Thinking back at my life – and mind you, I’m aware that I’m not even that old yet, – I can’t help but think that I am an incredibly lucky girl. I was able to attend a good school, lead a quiet life in the suburbs. My school was surrounded by woods and meadows and even when I got home in the evening the first thing I often did was throw my backpack in a corner and run outside to explore the forests surrounding my house. I played there for hours. I waded through small streams, climbed trees and built snow castles. I often fell. I had dirt beneath my fingernails and scrapes on my knees.
I was also lucky enough to live close to a major city that offered everything you could ever want in terms of culture. I’ve seen great works of art, been lost in major museums, went to concerts, the opera, musicals and jazz festivals. I’ve eaten at fancy restaurants as well as enjoyed simple, homemade meals.

For me it was an ideal childhood. It is still ideal living now.

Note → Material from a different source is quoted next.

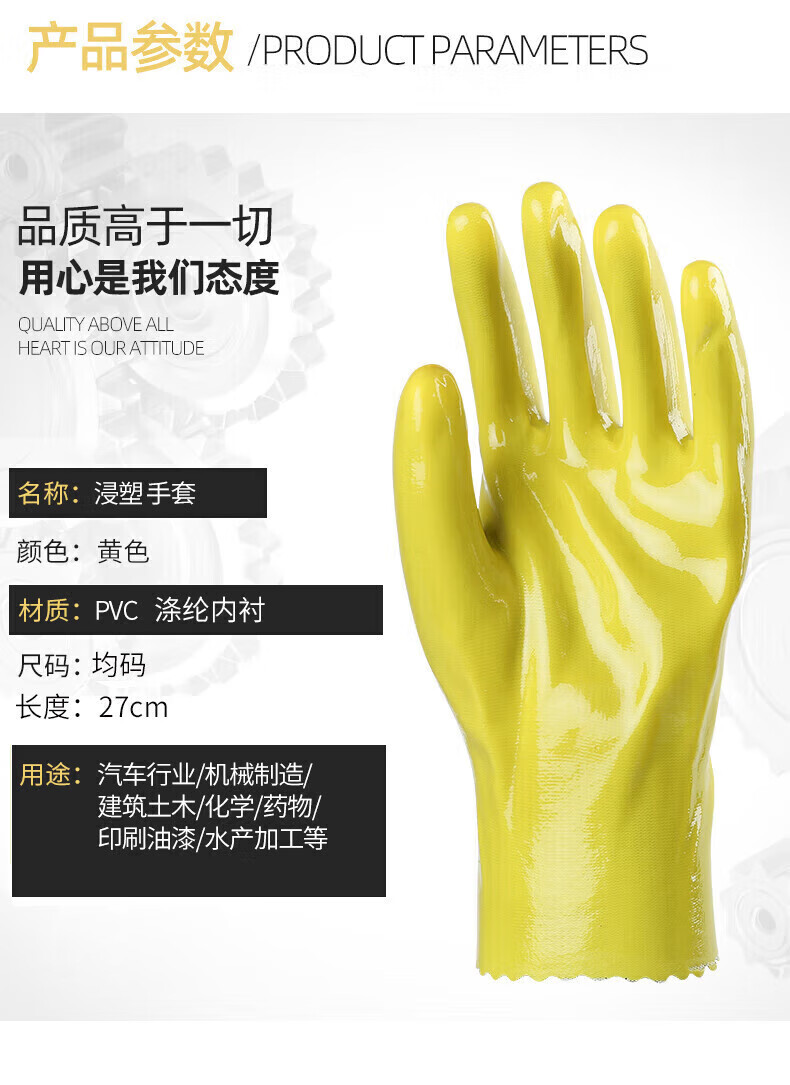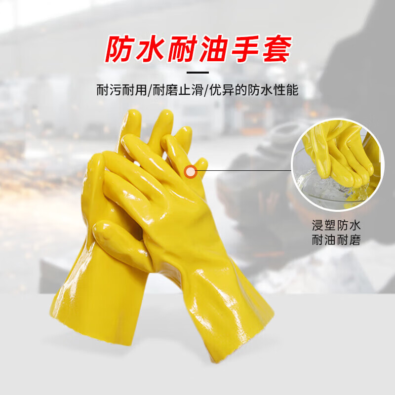 胜丽 208 浸塑手套 黄色 耐磨耐弱酸碱工业防护 5副装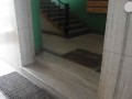 Hlavní vstupní dveře objektu jsou dvoukřídlé (hlavní křídlo šířka 100 cm, vedlejší křídlo šířka 110 cm), otevírají se mechanicky směrem do průchodu. Obousměrná zvonková signalizace (výška 155 cm, odsazení od rohu 10 cm) je umístěna vedle vstupu vpravo. Na konci průchodu je přístup vpravo přes + 2 a – 2 schody směrem ke kanceláři sdružení. Vstupní dveře jsou jednokřídlé (šířka 84 cm) a otevírají se mechanicky směrem ven. U vstupu je + 1 schod (výška 14 cm).

And not just at home. My parents let me tag along every trip they made. From an early age I was used to seeing sights and eating unusual food. And now, at 22, I still continue to live this life.
During the week I walk the streets of Vienna, marveling at the breathtaking architecture. On weekends I make my way through the forest, sometimes on horseback, sometimes on foot.

I travel alone to countries in Africa and Asia. I travel with friends to cities like London or Rome. I still travel with my grandparents and parents and I treasure all these moments, covet all these memories.

I marvel at the things my eyes have been allowed to see. At the sand my feet have been allowed to walk on.
Red in Togo. White in Thailand. Black in Tenerife.

I still have dirt beneath my fingernails, scratches on my arms and bruises on my legs. And yet, I wear heels as well. I put on lipstick and wear a dress to head out for a glamorous night in the city.

It never has to be either or. It can be both. Always. Life is about balance and I hope I will always be able to keep this.